The Arab Socialist Union Party of Syria ( Hizb Al-Ittihad Al-Ishtiraki Al-'Arabi fi Suriyah) (ASU) is a Nasserist political party in Syria. ASU was led by Safwan al-Qudsi. The party was formed in 1973, following a split from the original ASU.

At the last legislative elections, 2007, the ASU was part of the National Progressive Front (Al-Jabhat Al-Wataniah Al-Taqaddumiyyah).  the ASU was awarded 8 out of the 250 seats. The NPF is led by the Ba'ath Party.

History

Background: Arab Socialism in Syria
Non-Nasserite Arab socialism in Syria has its origins in the Arab Socialist Party (ASP; also ASM, for Arab Socialist Movement). This party grew out of Syria's Hizb al-Shabab (Youth Party). In 1950, Akram al-Hawrani took over leadership of the party and changed its name to the Arab Socialist Party. After initial successes, the ASP was banned by Syria's de facto leader, Adib ash-Shishakli, in 1952, as he considered it to be too powerful a political rival. Akram al-Hawrani went into exile in Lebanon, and there agreed on a merger with a nationalist and pan-Arabist opposition party, the Arab Ba'ath Party. The new party was called the Arab Socialist Ba'ath Party.
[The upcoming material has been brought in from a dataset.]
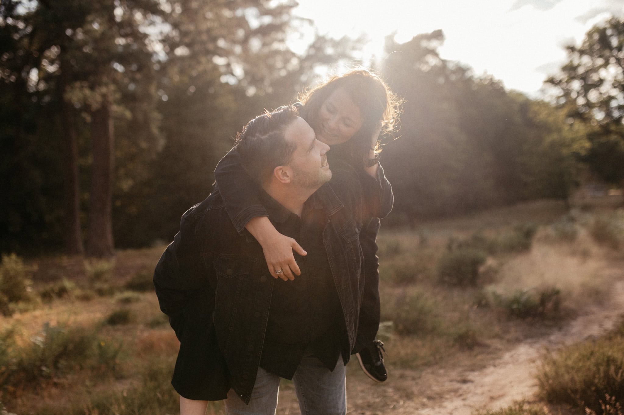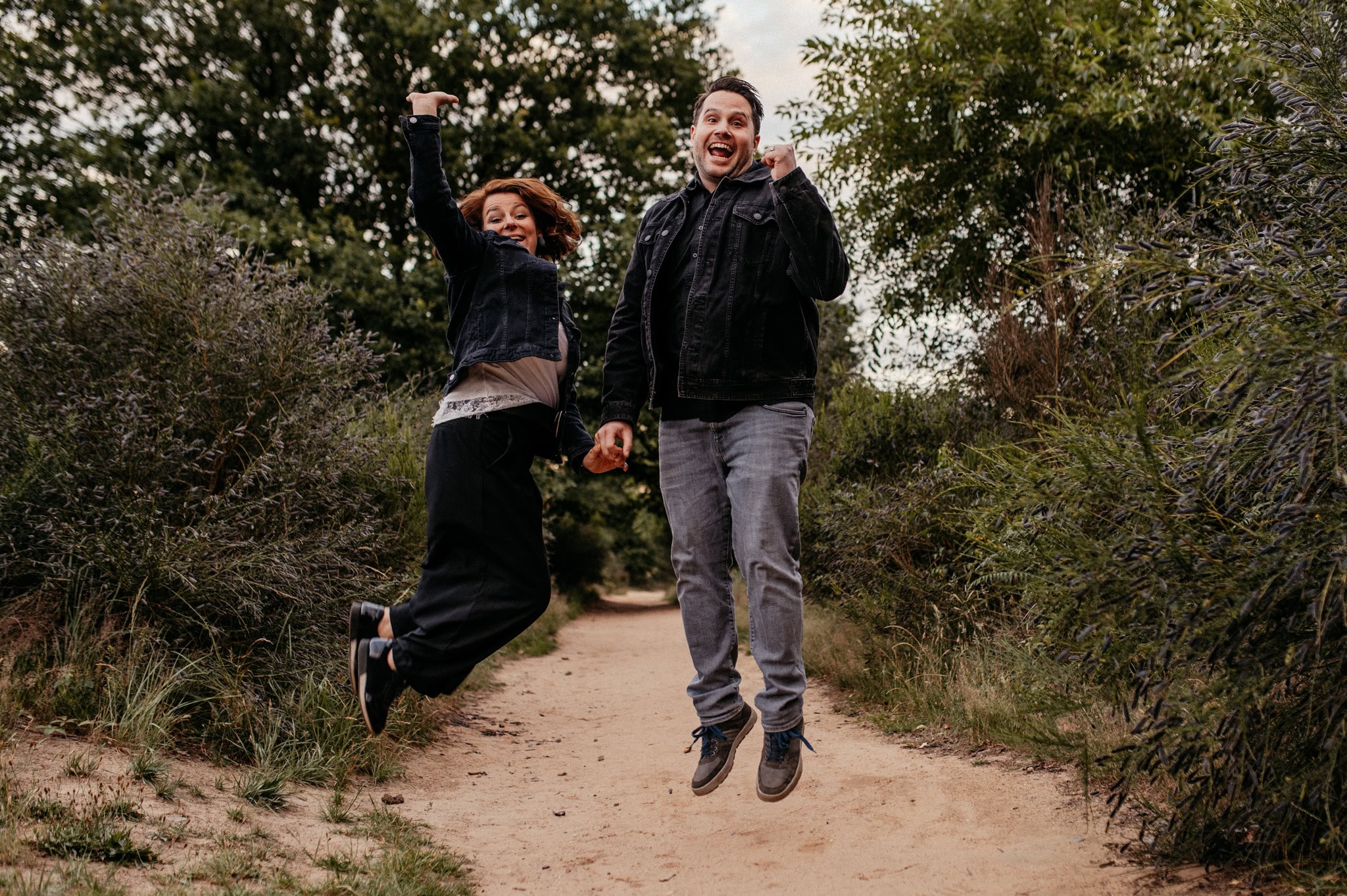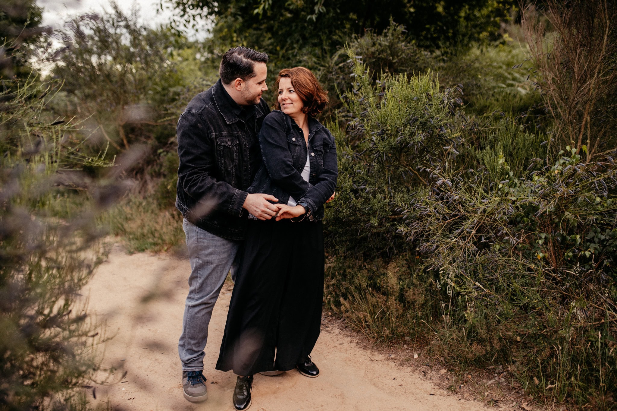 In der Wahner Heide angekommen stürzten sich die beiden Berufsfotografinnen dann erst mal auf Ihre Kameras und begannen zu fachsimpeln und beschäftigten sich dann vorläufig miteinander. Nach ein paar Minuten war es dann so weit – Auftritt zum Paar-Shooting.
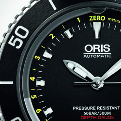 Безопасность подводного погружения – самая главная проблема дайверов, и именно на её решение была направлена новая разработка Oris – устройство точного измерения глубины погружения. Созданный индикатор глубины является неинерционным, поэтому он без промедления даёт информацию о текущей глубине, что, безусловно, очень удобно, особенно при декомпрессионных остановках на небольших глубинах.

In 1959, the Syrian section of the Baath Party dissolved to leave room for the National Union, which was the only legal party within the United Arab Republic (a Syria-Egypt merger under Gamal Abdel Nasser's leadership). However, dissent over the union grew, and another conference, a year later, reversed the party's decision. When the UAR dissolved in 1961, the Baath Party struggled to reform its Syrian branch, but several groups broke away, including a Nasserist and pro-unionist tendency (which formed the Socialist Unionists, (SU)) and a strongly anti-Nasserist current under Akram al-Hawrani, who recreated his former ASP. Meanwhile, several other Nasserite and pro-Egyptian factions worked in opposition to the "separatist" government and demanded renewed union with Egypt.

Formation as opposition
In 1964, these Syrian Nasserist parties and organizations (including the SUP, the Movement of Arab Nationalists, the United Arab Front and the Socialist Union) created a Syrian branch of the Egyptian-led Arab Socialist Union, which—after a Nasserite coup attempt in the Spring of 1963—was in militant opposition to Syria's Baath-led government. The organization was led by exiles in Cairo, and remained weakly organized in Syria despite considerable popular support, due to restrictions imposed by the Baathists. It quickly fragmented, with a faction of the former SU under Faiz Ismail removing itself from the ASU. The Arab Nationalist Movement also continued to work in their separate organizational structures in Syria, despite being formally committed to Nasser's order to unite in the ASU; much of this organization later dissolved into different political groups, including the ASU and the Palestinian PFLP and DFLP factions.

Legalization and split
After Hafez al-Assad took power in 1970, the ASU entered into negotiations about a coalition government, and agreed to join the National Progressive Front (NPF) in 1972. The year after, however, the party split over the adoption of a Syrian constitution in which the Baath was proclaimed the "leading party" of the country. One minor faction under Fawzi Kiyali accepted the constitution, and retained both the ASU name and the NPF membership, while most members followed party leader Jamal al-Atassi into opposition, by renaming themselves the Democratic Arab Socialist Union. Both ASU (Syria) and DASU distanced themselves from Anwar Sadat's government, particularly after his policies towards Israel became more conciliatory, and their close relations with Cairo were lost before the Egyptian mother party itself dissolved in the mid-1970s.

ASU and DASU today
The Arab Socialist Union Party of Syria (i.e., the ex-Kiyali faction), which glorifies the Baath presidency and shows virtually no independence from the government, has long been led by Safwan al-Qudsi. In the 2003 legislative elections, the NPF bloc was awarded 167 out of 250 seats in the Syrian parliament, and of these seven belonged to the ASU. In the 2007 elections, the party was awarded 8 out of 250 seats in the parliament, making it formally the second-largest party after the Baath itself. This does not reflect popular support for the party, however, since the NPF runs on uncontested lists; on these, the Baath always holds a majority both inside the NPF and inside the parliament, while other member parties negotiate with the government for their share of candidates.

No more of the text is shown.